### [THE PROBLEM]
Only some lines are wanted: please transcribe exactly those from the one containing "新中式庭院3d模型下载" through the end of the data, pictures excluded.

### [RECORDED DATA]
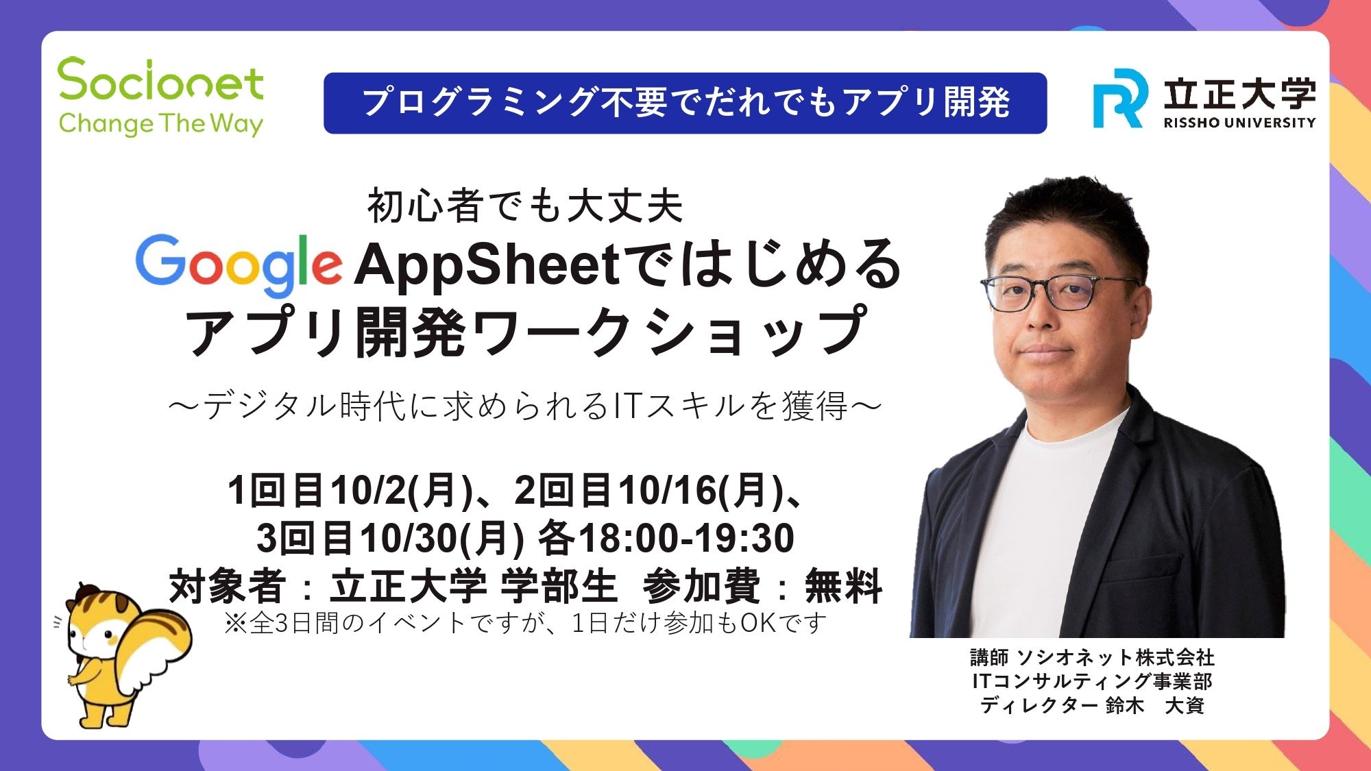 【立正大学×ソシオネット株式会社】2023年10月、学生向けAppSheetアプリ開発ワークショップを開催。
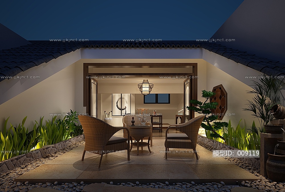 新中式庭院3d模型下载
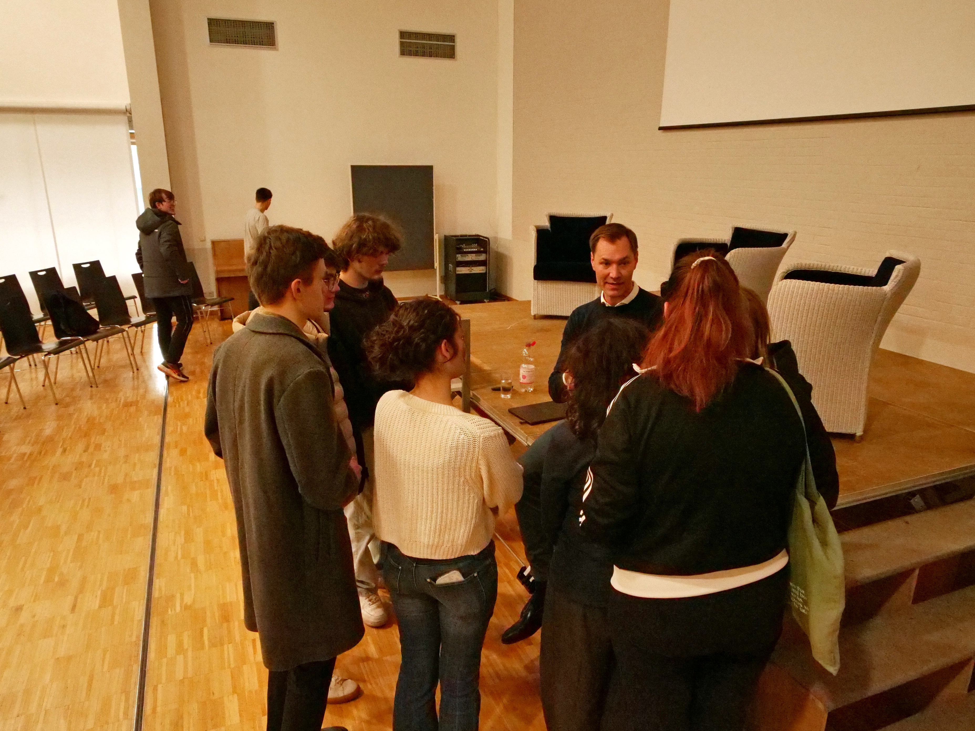 Julius van de Laar (Abitur 2002) ist Kampagnen- und Strategieberater mit langjähriger internationaler Erfahrung im politischen Campaigning. Zudem zählt er zu den gefragtesten Beobachtern der amerikanischen Politik und Gesellschaft.Im intensiven Austausch zwischen ihm und unseren Schülerinnen und Schülern der Oberstufe ging es vor allem um den amerikanischen Präsidenten Donald Trump – als Beispiel für einen politischen Wahlerfolg, der vor allem durch das Schüren von Ängsten (Verlust, Gefahr) und das Versprechen, diese beseitigen zu können, zustande kam.

### [PROBLEM SOLUTION]
 新中式庭院3d模型下载
 Julius van de Laar (Abitur 2002) ist Kampagnen- und Strategieberater mit langjähriger internationaler Erfahrung im politischen Campaigning. Zudem zählt er zu den gefragtesten Beobachtern der amerikanischen Politik und Gesellschaft.Im intensiven Austausch zwischen ihm und unseren Schülerinnen und Schülern der Oberstufe ging es vor allem um den amerikanischen Präsidenten Donald Trump – als Beispiel für einen politischen Wahlerfolg, der vor allem durch das Schüren von Ängsten (Verlust, Gefahr) und das Versprechen, diese beseitigen zu können, zustande kam.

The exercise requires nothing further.